# Collected material:
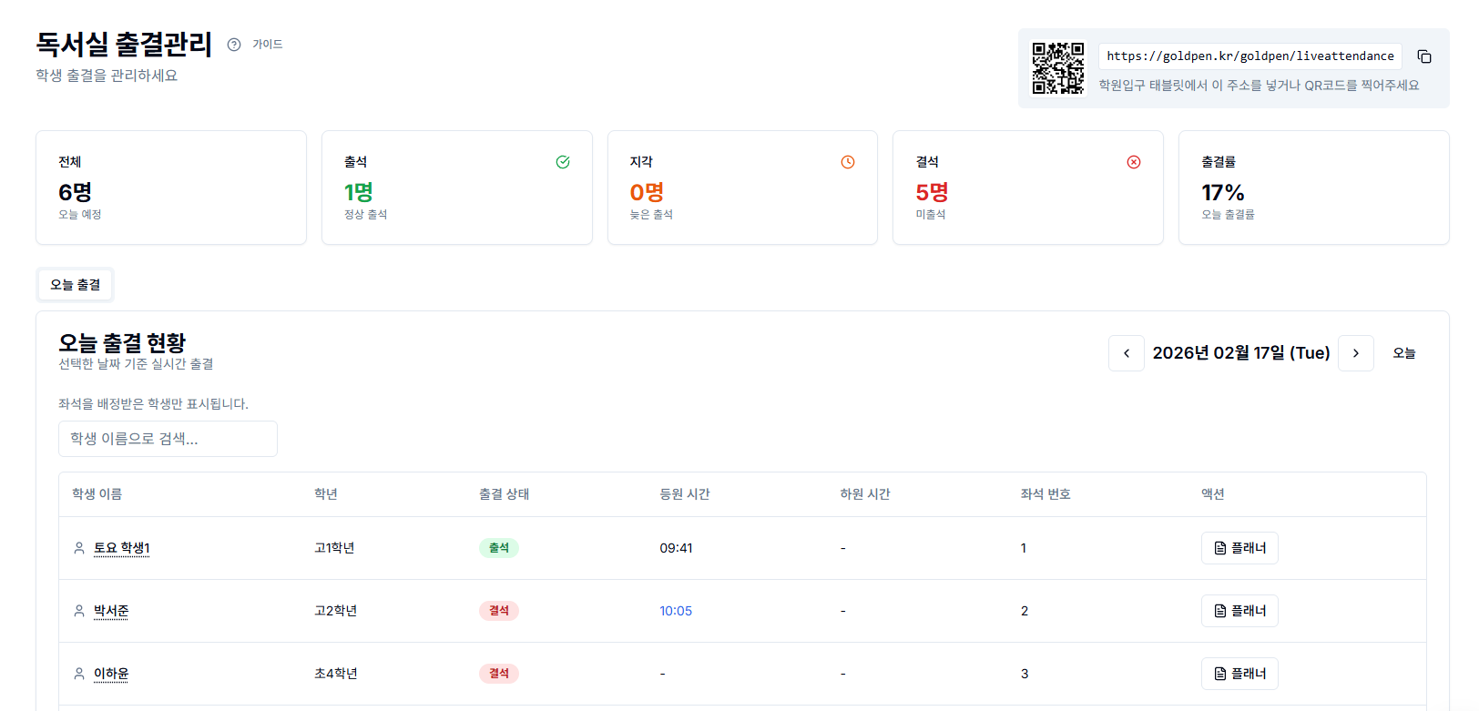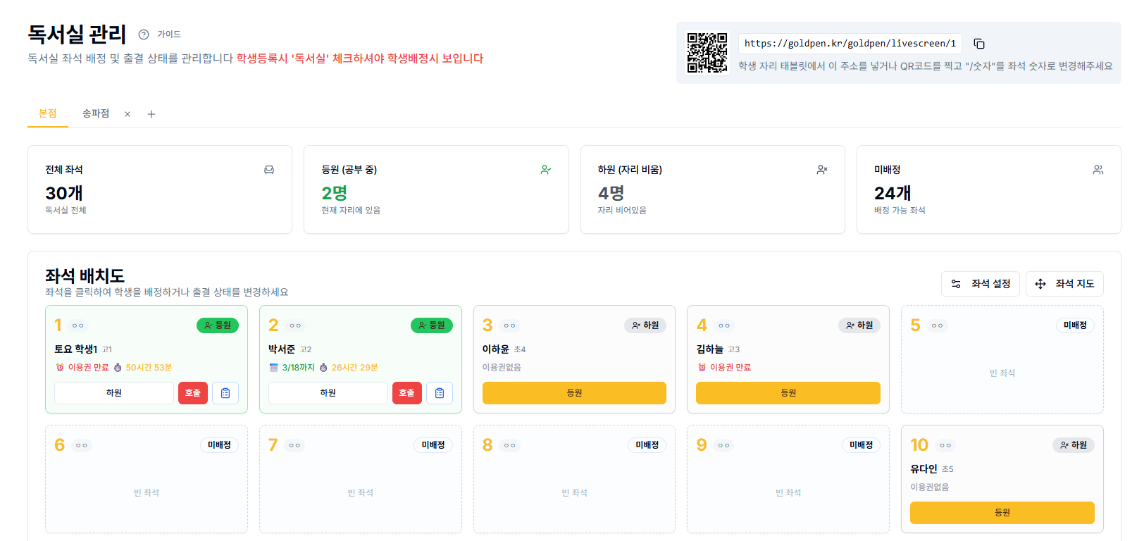 독서실에서 가장 기본이 되는 것은 출결 관리입니다.
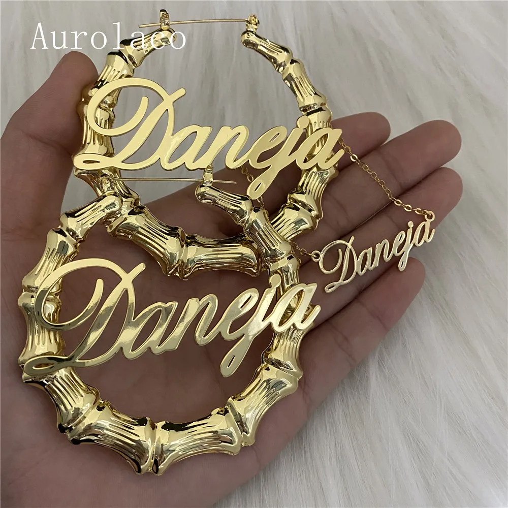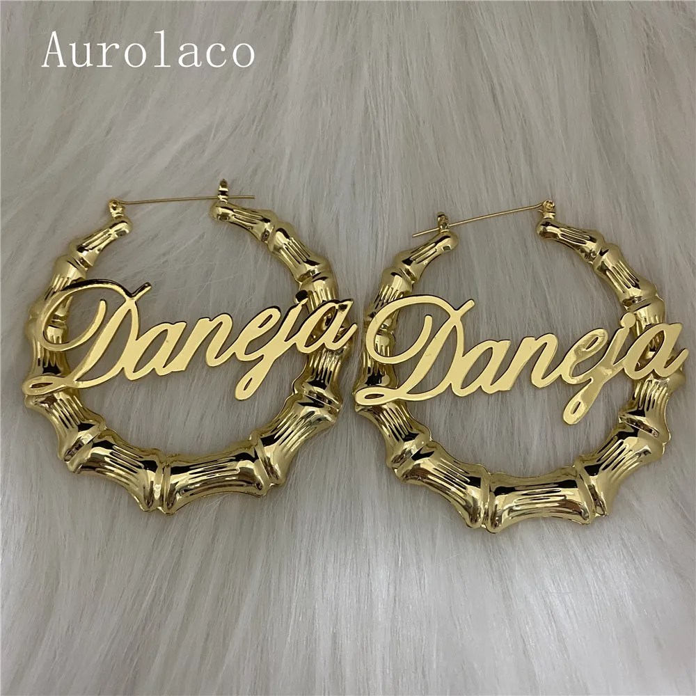 AurolaCo Ювелирный Комплект под заказ новые женские серьги-кольца с именем на заказ Серьги Золото Бамбук праздничные подарки
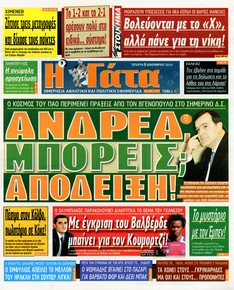 Πρωτοσέλιδα αθλητικών εφημερίδων 8/12
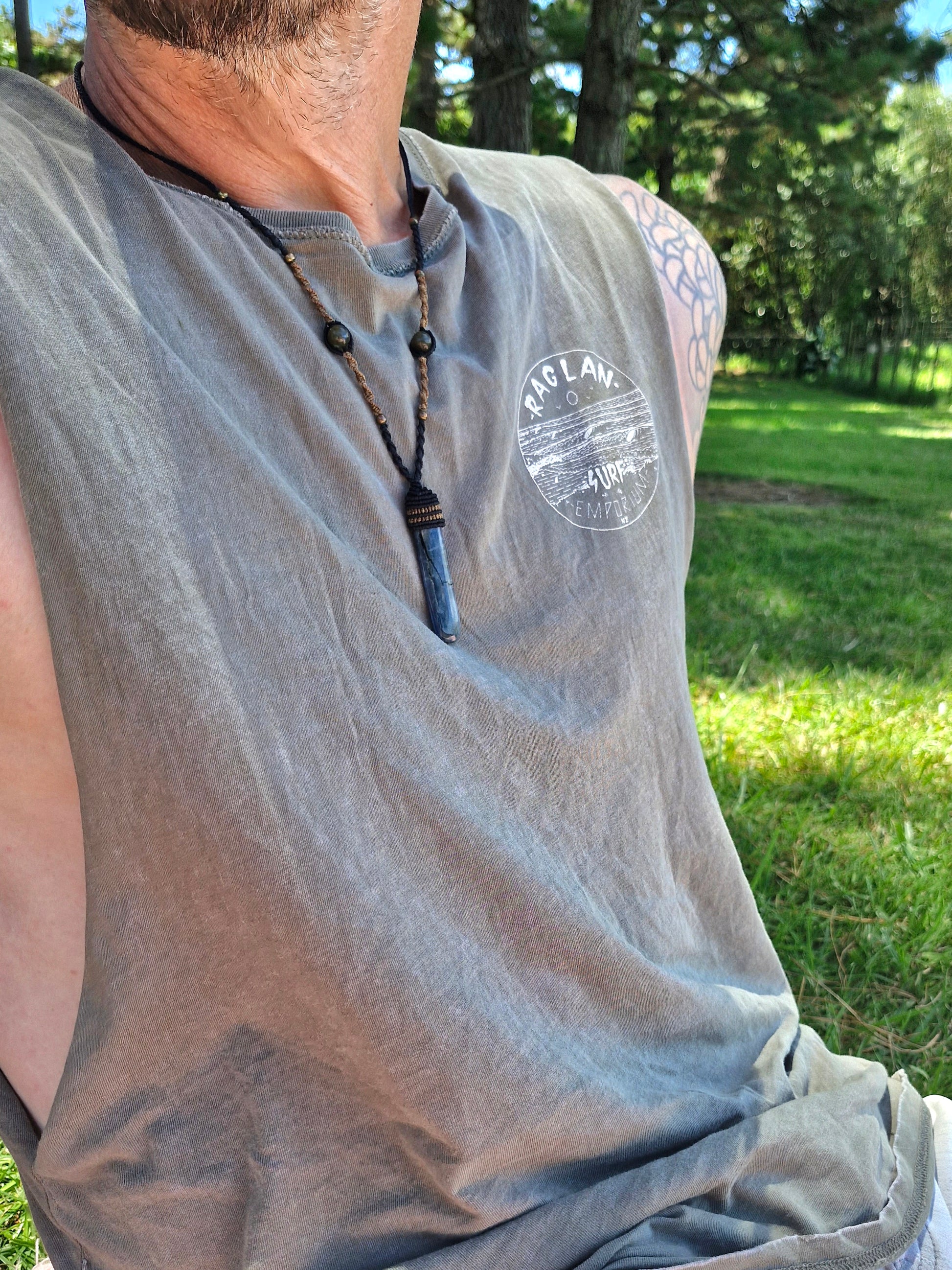 Intuitively handmade in Aotearoa New Zealand with Brazilian waxed cord, natural polished Blue Kyanite, brass and labradorite beads.

# What is expected:
Give back the material exactly as written, from its first line to the line that contains "Πρωτοσέλιδα αθλητικών εφημερίδων 8/12", and leave out the pictures.

# Answer to this exercise:
 독서실에서 가장 기본이 되는 것은 출결 관리입니다.
 AurolaCo Ювелирный Комплект под заказ новые женские серьги-кольца с именем на заказ Серьги Золото Бамбук праздничные подарки
 Πρωτοσέλιδα αθλητικών εφημερίδων 8/12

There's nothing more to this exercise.